The palace was constructed after King Norodom relocated the royal capital from Oudong to Phnom Penh in the mid-19th century. It was built atop an old citadel called Banteay Kev. It faces towards the East and is situated at the Western bank of the cross division of the Tonle Sap River and the Mekong River called Chaktomuk (an allusion to Brahma).
Angkor Wat – Siem Riep
Angkor Wat is a temple complex in Cambodia and the largest religious monument in the world, with the site measuring 162.6 hectares (1,626,000 m2; 402 acres). It was originally constructed as a Hindu temple for the Khmer Empire, gradually transforming into a Buddhist temple toward the end of the 12th century. It was built by the Khmer King Suryavarman II in the early 12th century in Yaśodharapura, the capital of the Khmer Empire, as his state temple and eventual mausoleum. Breaking from the Shaiva tradition of previous kings, Angkor Wat was instead dedicated to Vishnu. As the best-preserved temple at the site, it is the only one to have remained a significant religious center since its foundation. The temple is at the top of the high classical style of Khmer architecture. It has become a symbol of Cambodia, appearing on its national flag, and it is the country’s prime attraction for visitors.
Elephant In Bayon – Siem Riep
As you take your journey, you will understand how the elephant has been so important in the creation of the fabulous Kingdom of Cambodia. The elephant has seen and served many kings and queens as they have travelled to and from the temples and has even helped to construct those same temples. Unfortunately, the elephant has also been used by soldiers in war time.

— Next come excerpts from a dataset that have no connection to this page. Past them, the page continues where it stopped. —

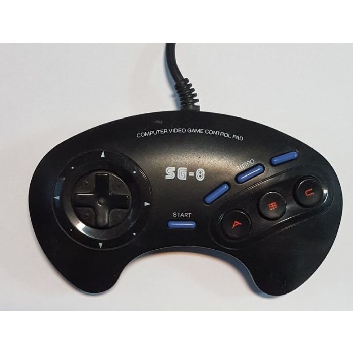 Een Control Pad voor de Sega Genesis / Mega Drive. Deze SG-8 Control Pad heeft 6 knoppen, een D-Pad en een turbo functie.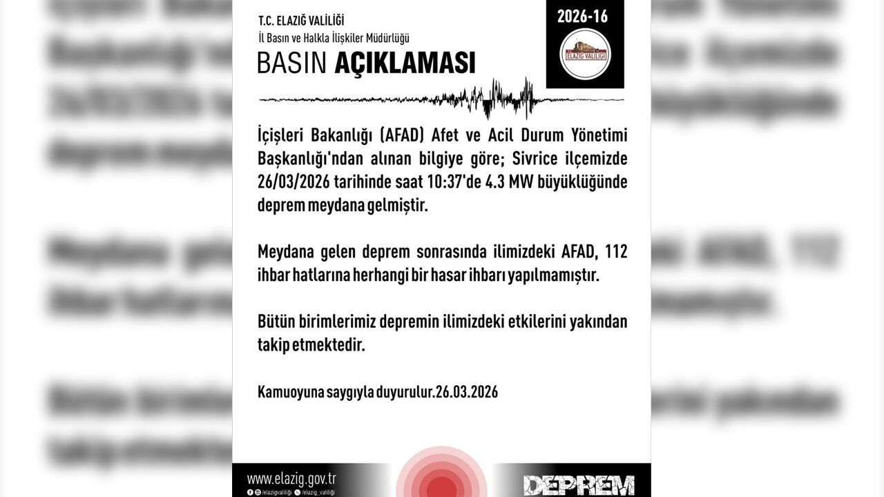 Yapılan açıklamada, “İçişleri Bakanlığı (AFAD) Afet ve Acil Durum Yönetimi Başkanlığı’ndan alınan bilgiye göre; Sivrice ilçemizde 26/03/2026 tarihinde saat 10:37’de 4.3 MW büyüklüğünde deprem meydana gelmiştir. Meydana gelen deprem sonrasında ilimizdeki AFAD, 112 ihbar hatlarına herhangi bir hasar ihbarı yapılmamıştır. Bütün birimlerimiz depremin ilimizdeki etkilerini yakından takip etmektedir. Kamuoyuna saygıyla duyurulur” denildi.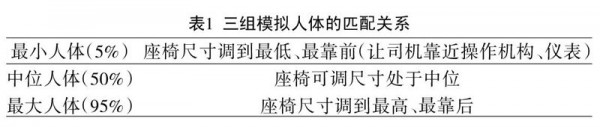 操纵舒适度显著提升,归功于人机工程学的成功运用:人机工程学是研究人、机械及其工作环境之间相互作用的边缘学科,用以设计使操作者能发挥最大效能的机械、仪器和控制装置,并研究控制台上各个仪表的最适合位置。全球各类人种的身高、手脚长度千差万别,如何设计一种绝大多数司机都能舒适操纵的工作环境,是设计者追求的最高目标之一。我国目前还在有效沿用的《GB10000-88中国成年人人体尺寸》为近30年前的中国人口测量数据,已经跟不上时代的需求。当前在国内的设计师大量参照引用的还有国外流行的一些人体尺寸标准及三维数据库,如:Manikin。依靠模拟人体提供的尺寸参考及相关标准,我们在设计时可以基本确定定踏板、座椅、操纵杆、仪表台的准确位置,以满足绝大多数司机的舒适操纵要求。在三维技术已经非常普及运用的今天,我们通常设计的步骤如下:①首先确定三个基准人体尺寸:最小人体尺寸(5%)、中位人体尺寸(50%)、最大人体尺寸(95%)。②根据《GB/T8591-2000土方机械司机座椅标定点》,可以确定司机座椅的SIP点,这个在设计时将与模拟人的SIP点重合装配。需要强调的一点是,通常使用的座椅在高度、前后(甚至左右、坐面角度)都是可调的,与不同位人体对接匹配的应该是座椅处于上述尺寸中间位置的状态。三组模拟人体的匹配关系见表1: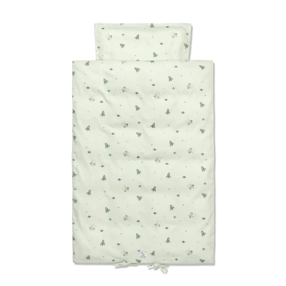 Junior: 100×140 cm | 40×45 cm.100% økologisk bomuld.Betræk dyne: Snorebinding / Betræk pude: Kuvertlukning.Maskinvaskes på 60° CSengesættet fra Vanilla Copenhagen er vævet i det fineste økologiske bomuld. Miljøvenlig og helt fri for allergener og skadelige stoffer.
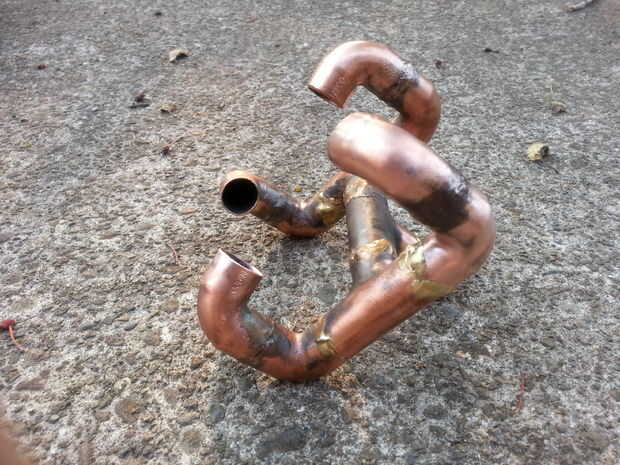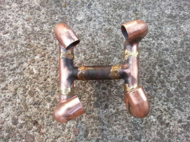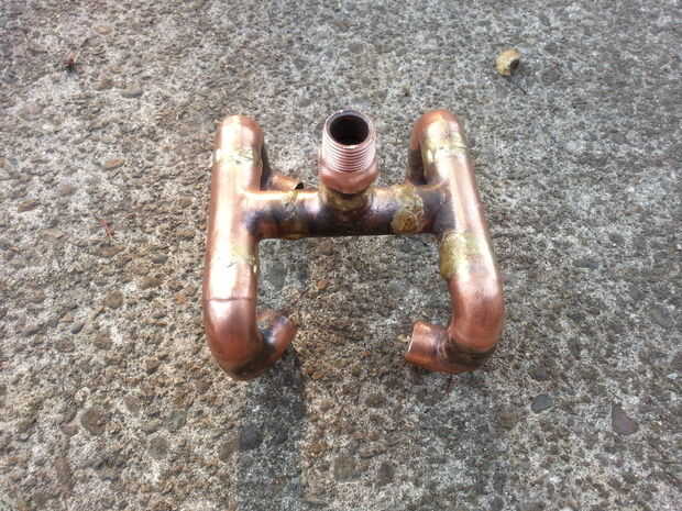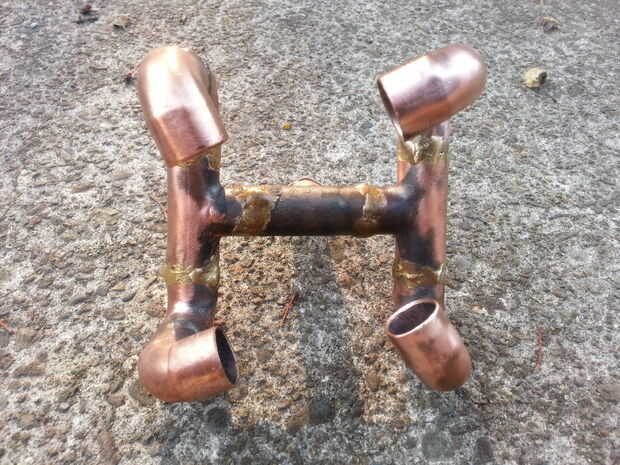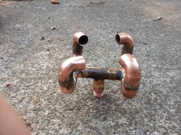 Este diseño tiene los codos de 90 grados superior señalando en el centro, pero el offset para dar un leve remolino y efectos de relleno. No noté mucha diferencia entre este diseño o los codos de 90 grados apuntando a uno con el otro. Cualquiera sea su diseño, usted querrá asegurarse de que todas las juntas están selladas con un relleno que tendrá el calor. El cobre es un gran conductor de calor/frío por lo que se disemina por todo el quemador inmediatamente y calienta rápidamente.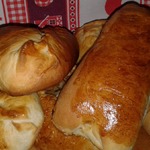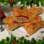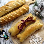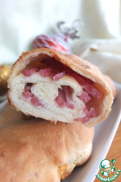 У меня нет большого опыта в выпечке, тем более дрожжевой, но из чисто теоретических знаний рискну предложить - я в одном рецепте пирожков-сигар видела такую хитрость: рулетик из теста не туго заворачивали в пергамент и готовый выпеченный пирожок получался замечательно ровным цилиндриком, думаю, можно и здесь попробовать этот метод, только завернуть не по все длине, а до разрезов. А для более аккуратного вида концов косточки я бы, пожалуй, не стала рассыпать колбасную крошку по всей длине рулета, а так же только до начала предполагаемых разрезов, тогда в разрезах между слоями тестами растечется только расплавленный сыр и в готовом виде тесто будет выглядеть более гладким, ровным, более похожим на суставчик косточки. Как думаете?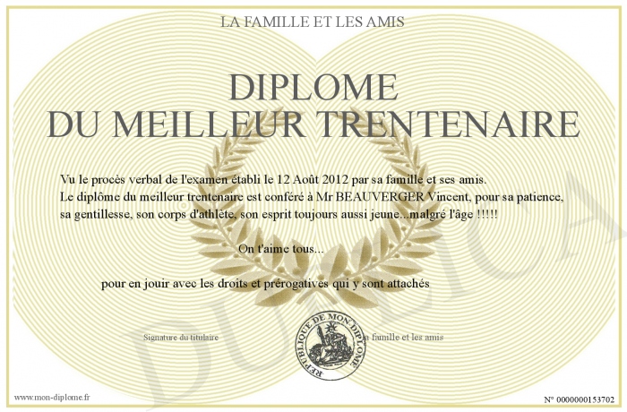 Envoyez par email votre Diplôme du meilleur trentenaire personalisé

The elephant is a highly regarded and respected animal, and one of our main concerns, at Adventurous Asia, is to educate the people of Cambodia to preserve and sustain the elephant, and all wildlife, especially those that have become endangered because of warfare. We are committed to using our resources to help improve the quality of understanding in prese
An Elephant ride in Siem Reap is a great way to soak up the atmosphere under the shade of the huge trees and also offers a different view on the temples. The first elephant ride starts in the morning at 08:00 from the South Gate of Angkor Thom to the Bayon Temple. The elephants then are stationed next to the Bayon Temple for rides around Bayon temple. The last elephant ride is at 10:30 from Bayon back to the South Gate.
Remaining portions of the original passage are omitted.